### [SOURCE MATERIAL]
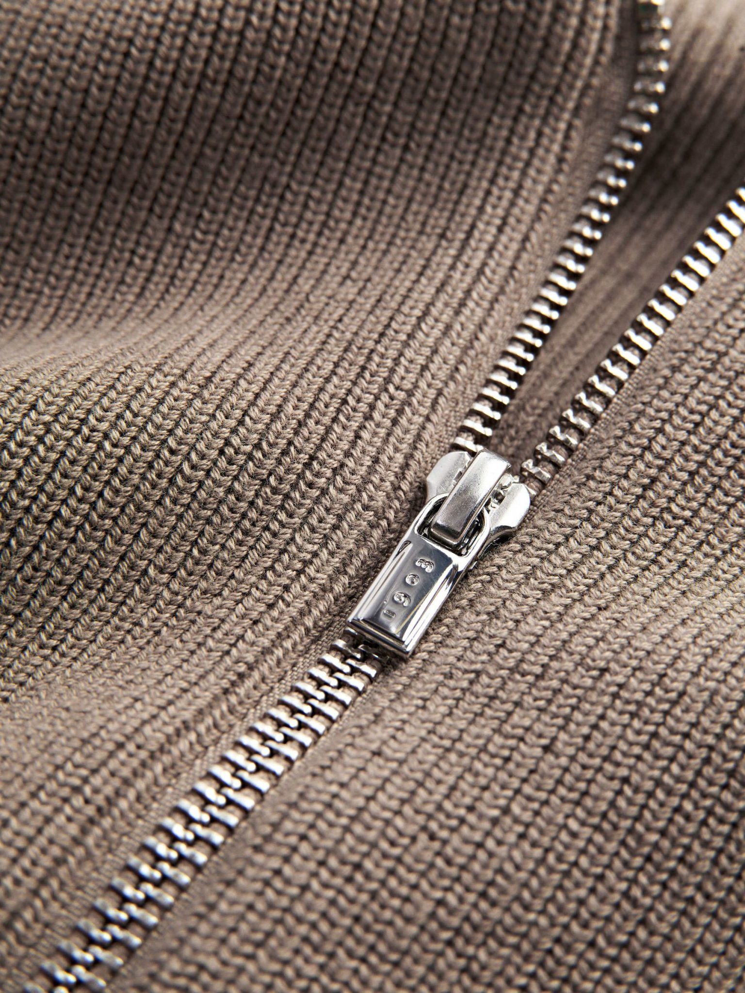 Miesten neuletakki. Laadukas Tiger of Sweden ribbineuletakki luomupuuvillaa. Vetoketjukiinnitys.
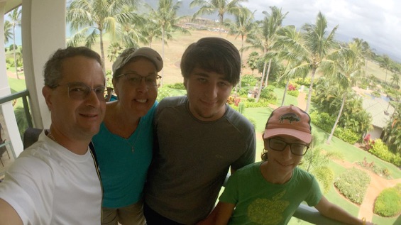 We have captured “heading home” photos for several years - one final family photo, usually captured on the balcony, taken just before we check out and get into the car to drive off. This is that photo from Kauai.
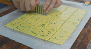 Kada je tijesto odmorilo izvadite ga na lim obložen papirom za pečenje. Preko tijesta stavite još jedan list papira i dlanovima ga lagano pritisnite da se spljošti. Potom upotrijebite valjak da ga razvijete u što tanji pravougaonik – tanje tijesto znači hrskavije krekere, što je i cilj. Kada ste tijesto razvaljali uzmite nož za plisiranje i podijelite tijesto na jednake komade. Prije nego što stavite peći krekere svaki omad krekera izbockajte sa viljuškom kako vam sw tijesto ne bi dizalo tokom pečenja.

* * *

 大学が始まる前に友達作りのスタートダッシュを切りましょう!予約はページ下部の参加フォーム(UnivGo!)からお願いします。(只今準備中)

### [DIRECTIONS]
Would you set down only the lines above from the line with "Miesten neuletakki. Laadukas" to the line with "We have captured", both included, exactly as they stand and without the pictures?

### [RESPONSE FOR THIS EXERCISE]
 Miesten neuletakki. Laadukas Tiger of Sweden ribbineuletakki luomupuuvillaa. Vetoketjukiinnitys.
 We have captured “heading home” photos for several years - one final family photo, usually captured on the balcony, taken just before we check out and get into the car to drive off. This is that photo from Kauai.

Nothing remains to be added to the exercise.